Пока Ежиков говорил, Архип степенно допил свой несколько остывший чай, а допив, с таковой же степенностью попросил новую чашку, и затем уже снова перебил Серафима Николаича:
– Нет, я об чем, Миколаич… Скажи мне в ту пору эта самая твоя мамана: «Архипка! имеешь ты к сыну моему заблудящему подверженность?» Имею, мол. – «Ну, крути ты его, друга любезного, вожжами и тащи ты его в карету – есть такое мое намерение к енаральству его оборотить…» И взяли бы мы тебя, сокола, с ейным алёшкой под микитки!..
– Вот слушайте его! – вдруг рассердился Ежиков, – вы не знаете, что такое… Ты не знаешь, что такое «енаральство»… Это… вертеп… Это… это ложь и разврат… Ах, право, как это все… – Он с тоскою махнул рукой и уж исключительно обратился ко мне: – Видите! Вот смотрите на него… Год! Целый год живу с ним… Говорю ему, читаю… И вдруг является карета, и он за эту карету мерзкую, за поганые эти гербы… О, вы не поверите, как это ужасно… Он знает меня, знает – не могу я «енаральствовать»… О, он знает, что я живу им, Архипом, что я дышу Фомою, Макаром… Он знает это, но является «енаральша» с своим «алёшкой», с своей каретой, со всем своим подлым, чужеядным престижем, и он готов силой водворить меня в этот омут… Он, видите ли, готов «вожжами меня скрутить»… и скрутил бы… О, непременно, непременно бы скрутил… И вы не знаете, как это все ужасно…
– Ведь он от любви… – возразил было я.
– Ах, не это, не это… – с тоскою воскликнул Ежиков и мучительно наморщил лоб свой, – о, не это!.. Видите ли, они… я не знаю… Но, они не понимают… Именно – не понимают… Вот что ужасно!.. (Тут, опустив голос свой почти до шепота, он как бы с некоторой болью повторил: «ужасно, ужасно»…) Я знаю, что «от любви»… Я знаю, любя он желал бы моего водворения в эту отравленную среду, где дармоедство – доблесть, а труд позор… Знаю, ибо среда эта – идеал и Архипа, и Фомы, и Макара… И вы вдумайтесь в это слово: идеал (слово это Ежиков произнес с расстановкою), и затем с злобой добавил: – О, дармоедство, возведенное в куб, еще бы не идеал!.. Но я не об этом… Но это пустяки… Главное – обойдутся они без меня!.. Вот что главное… И знаете ли, это очень жалко… То есть, вы понимаете, я не о себе говорю, я говорю: обойдутся они без интеллигенции-то, и так обойдутся, что даже и пустоты-то не восчувствуют после нее… Вы говорите: «любят»… Но, боже мой, не любви надо, но нужно непременно, чтоб ценили они… ценили б меня, но не любили… Без любви я обойдусь… да, я обойдусь без любви! (Последнее Серафим Николаич повторил с раздражительной настойчивостью и как бы оспаривая кого-то.) Но без цены… Без цены я не могу жить, ибо она, цена эта, есть единственный мой raison detre… [3] О, единственный raison detre!
3
Смысл жизни (франц.)
Он внезапно замолчал и впал в задумчивость, но вскоре снова воскликнул:
– Главное – обойдутся они без меня… Исчезни я из Лесков, и лесковцы пожалеют меня, как Миколаича, но не пожалеют во мне ничего, кроме «Миколаича»… О, это главное!.. Вы не поверите, как все это… Да, да, все это ужасно и… тяжело… Вы спросите вот у него, чтo я в деревне?.. Ну, слросите-ка!.. Он вам и скажет: «Душевный человек»…
Архип на мгновение оторвался от блюдечка с чаем и насмешливо скривил лицо.

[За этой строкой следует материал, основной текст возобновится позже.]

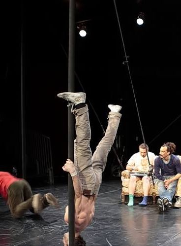 Les autres le rejoignent, ils s’échauffent sur le plateau et bien vite se dénudent, torse nu devant une foule d’yeux rivée sur leurs muscles saillants. On dit qu’on va jouer à un jeu : vous vous bandez les yeux et le premier qui a monté deux mâts chinois et qui s’est perché en premier a gagné. Le dernier, perdu. Ainsi donc, c’est cela, un jeu. Des prétextes, des contraintes afin de redécouvrir le plateau, le corps, la notion de groupe et surtout comment je travaille avec le mât. C’est simple et génial comme concept. C’est comme si nous assistions au travail de préparation pour la création d’un prochain spectacle, à la différence que c’est le spectacle !

Но Ежиков ничего не замечал: засунув руку за борт своего пиджачка, он другою с нервическим беспокойством пощипывал свою бородку и то присаживался на кончик стула, то нетерпеливо вскакивал с него и быстрыми шагами мерил комнату. Взгляд его глубоких глаз был тускл и рассеян. И, казалось, не на вас он был устремлен, а куда-то внутрь, где с мучительным упорством следил за развитием какой-то тяжелой мысли.
Вьюга с неутомимым постоянством била в окна, металась и шумела. Сугробы, видимо, возвышались. Самовар едва заметно звенел однообразным, надоскучным звоном.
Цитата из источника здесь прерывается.